* **Assigned task**: Print all of the data exactly, but drop the pictures.

─── Data excerpt

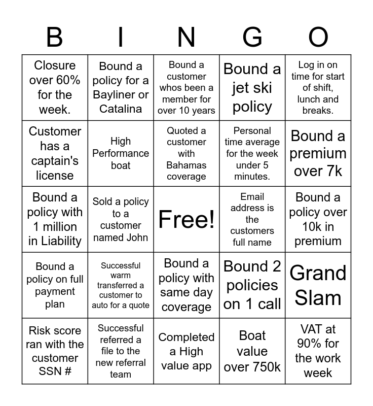This bingo card has a free space and 24 words: Successful warm transferred a customer to auto for a quote, Successful referred a file to the new referral team, Quoted a customer with Bahamas coverage, Risk score ran with the customer SSN #, Log in on time for start of shift, lunch and breaks., Closure over 60% for the week., Customer has a captain's license, Bound a policy for a Bayliner or Catalina, Email address is the customers full name, Bound a policy with same day coverage, Personal time average for the week under 5 minutes., Bound a policy with 1 million in Liability, Bound 2 policies on 1 call, Grand Slam, High Performance boat, Boat value over 750k, Bound a policy over 10k in premium, Bound a customer whos been a member for over 10 years, Bound a premium over 7k, Sold a policy to a customer named John, VAT at 90% for the work week, Bound a policy on full payment plan, Bound a jet ski policy and Completed a High value app.
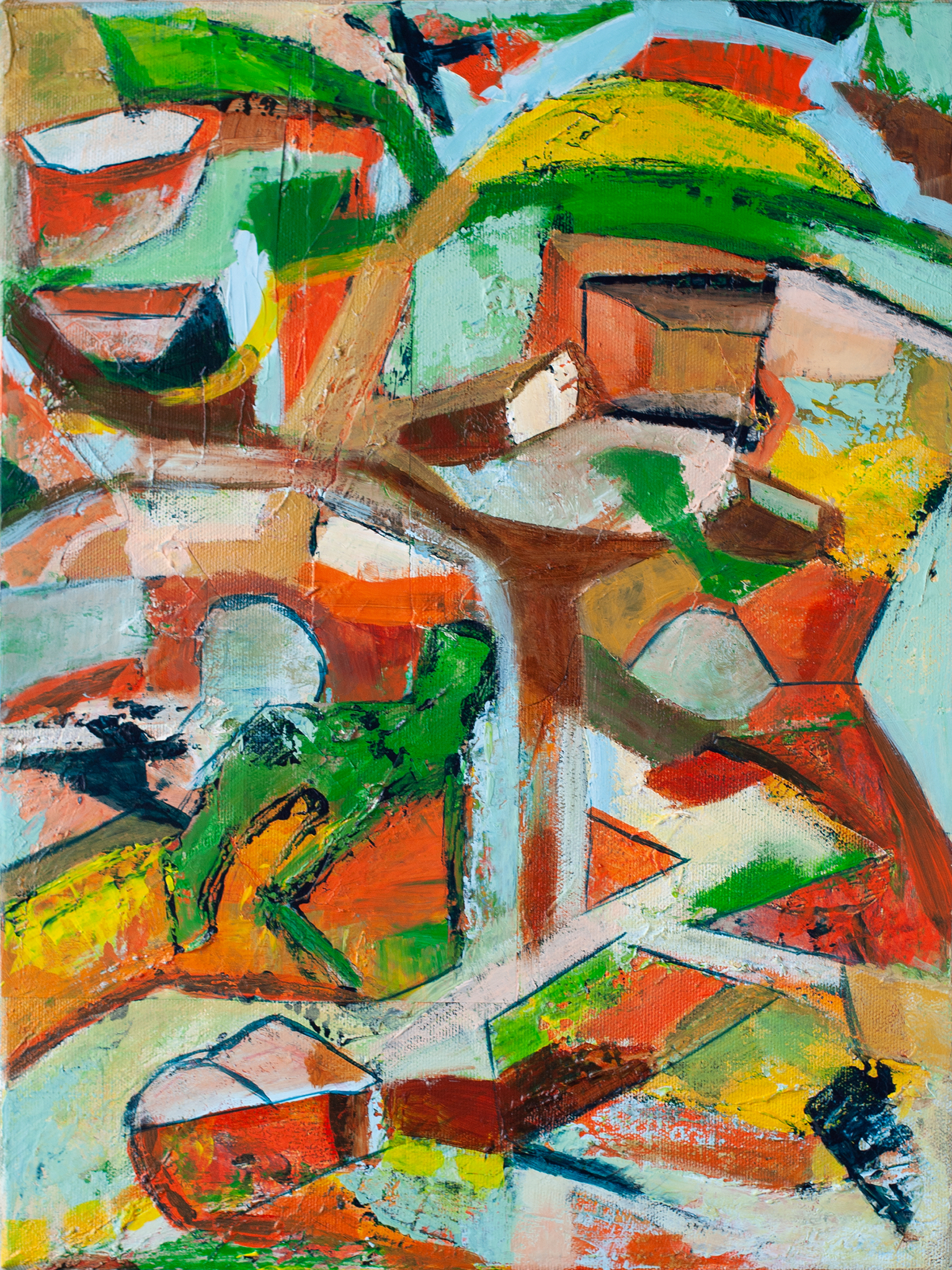 Terwijl ik lijnen, vormen en kleuren schilder, ontdek ik wat voor schilderij ik maak. Ik werk het uit en dit verhaal is het resultaat.
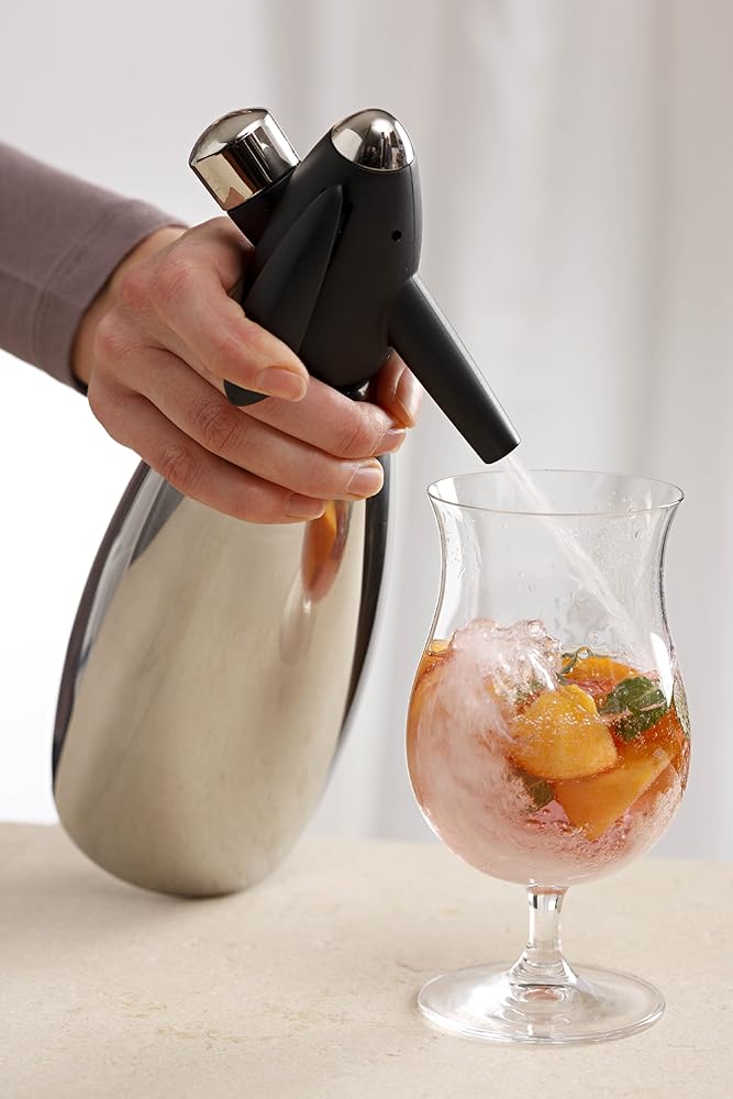 Enjoy the Classic style and convenience of the iSi Stainless Steel Soda Siphon. Fast and easy carbonation for hand crafted drinks. The iSi siphon uses CO2 gas chargers to carbonate 1 quart of water. Add sparkling water to craft cocktails, wine, juice, or any beverage that needs a little fizz. Enjoy sparkling water straight from the fridge. The retro stainless steel design has been recreated for today's consumers - an easy, convenient and eco-friendly way to make and store carbonated water without electricity and counter-top clutter. Made in Austria, the Stainless Steel Soda Siphon uses iSi CO2 chargers sold separately from your authorized dealer.
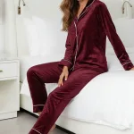 DÜĞMELİ KADİFE PİJAMA TAKIM

──────

* **Output for this task**:
This bingo card has a free space and 24 words: Successful warm transferred a customer to auto for a quote, Successful referred a file to the new referral team, Quoted a customer with Bahamas coverage, Risk score ran with the customer SSN #, Log in on time for start of shift, lunch and breaks., Closure over 60% for the week., Customer has a captain's license, Bound a policy for a Bayliner or Catalina, Email address is the customers full name, Bound a policy with same day coverage, Personal time average for the week under 5 minutes., Bound a policy with 1 million in Liability, Bound 2 policies on 1 call, Grand Slam, High Performance boat, Boat value over 750k, Bound a policy over 10k in premium, Bound a customer whos been a member for over 10 years, Bound a premium over 7k, Sold a policy to a customer named John, VAT at 90% for the work week, Bound a policy on full payment plan, Bound a jet ski policy and Completed a High value app.
 Terwijl ik lijnen, vormen en kleuren schilder, ontdek ik wat voor schilderij ik maak. Ik werk het uit en dit verhaal is het resultaat.
 Enjoy the Classic style and convenience of the iSi Stainless Steel Soda Siphon. Fast and easy carbonation for hand crafted drinks. The iSi siphon uses CO2 gas chargers to carbonate 1 quart of water. Add sparkling water to craft cocktails, wine, juice, or any beverage that needs a little fizz. Enjoy sparkling water straight from the fridge. The retro stainless steel design has been recreated for today's consumers - an easy, convenient and eco-friendly way to make and store carbonated water without electricity and counter-top clutter. Made in Austria, the Stainless Steel Soda Siphon uses iSi CO2 chargers sold separately from your authorized dealer.
 DÜĞMELİ KADİFE PİJAMA TAKIM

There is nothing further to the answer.